Today, March 24, the 32nd Anniversary of the Exxon Valdez disaster will be commemorated with the re-telling of lies. The official story is, “Drunken Skipper Hits Reef.” Don’t believe it.

Days after the oil tanker slimed 1,200 miles of Alaska’s coastline, I was in Prince William Sound, launching an investigation for the Chugach Natives of Alaska. It was their coastline.

This story remains untold: the true cause of the Exxon Valdez catastrophe was the oil giant’s breaking their promises to the Natives and Congress, cynically and disastrously, in the fifteen years leading up to the spill.

As to Captain Joe Hazelwood, he was below decks, sleeping off his bender. At the helm, the third mate would never have collided with Bligh Reef had he looked at his Raycas radar. But the radar was not turned on. In fact, the tanker’s radar was left broken and disabled for more than a year before the disaster, and Exxon management knew it. It was just too expensive to fix and operate.

For the Chugach, this discovery was poignantly ironic. Twenty years earlier the Chugach sold Exxon and BP the incredibly valuable port of Valdez—for $1. That’s right, a dollar. But they won something in return: a guarantee of the safety of the waters on which they survived. On their list of safety demands in return for Valdez was “state-of-the-art” on-ship radar.

We discovered more, but because of the labyrinthine ways of litigation, little became public, especially about the reckless acts of the industry consortium, Alyeska, which controls the Alaska Pipeline.

  • Several smaller oil spills before the Exxon Valdez could have warned of a system breakdown. But Erlene Blake, a former Senior Lab Technician with Alyeska, the Exxon/BP consortium, told our investigators that management routinely ordered her to toss out test samples of water evidencing spilled oil. She was ordered to refill the test tubes with a bucket of clean sea water called, “The Miracle Barrel.”
  • In a secret meeting in April 1988, Alyeska Vice-President T.L. Polasek confidentially warned the oil group executives that, because Alyeska had never purchased promised safety equipment, it was simply “not possible” to contain an oil spill past the Valdez Narrows — exactly where the Exxon Valdez ran aground 10 months later.
  • The Natives demanded (and law requires) that the shippers maintain round-the-clock oil spill response teams. Alyeska hired the Natives, especially qualified by their generations-old knowledge of the Sound, for this emergency work.
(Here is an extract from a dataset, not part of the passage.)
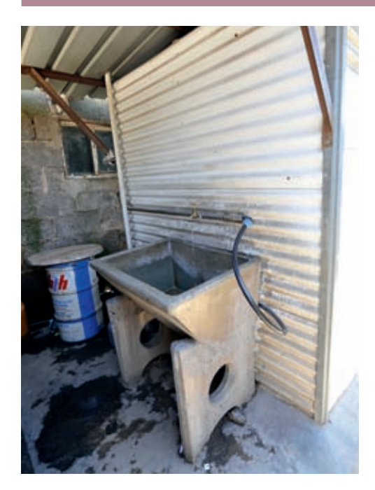
Shared washing facilities in the yard.

A potential ethical dilemma exists with subsidising households that may have already received subsidies for housing through any of the RDP or BNG subsidy programmes. However, there are many households that could benefit from such a programme that have not yet benefited from state housing subsidies, and may not benefit directly in the future. These include households in private housing, in rural homesteads, and those in aging ex-council accommodation produced in the 1960s, 1970s and 1980s that can be considered to have amortised their useful life, many having transferred to new households or occupants.

They trained to drop from helicopters into the water with special equipment to contain an oil slick at a moments notice. But in 1979, quietly, Alyeska fired them all. To deflect inquisitive state inspectors, the oil consortium created sham teams, listing names of oil terminal workers who had not the foggiest idea how to use spill equipment which, in any event, was missing, broken or existed only on paper.
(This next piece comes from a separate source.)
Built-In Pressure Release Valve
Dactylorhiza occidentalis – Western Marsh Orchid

In 1989, when the oil poured from the tanker, there was no Native response team, only chaos.

Today, three decades after the oil washed over the Chugach beaches, you can kick over a rock and it will smell like an old gas station.

The Fable of the Drunken Captain serves the oil industry well. It falsely presents America’s greatest environmental disaster as a tale of human frailty, a one-time accident. But broken radar, missing equipment, phantom spill teams, faked tests — the profit-driven disregard of the law — made the spill an inevitability, not an accident.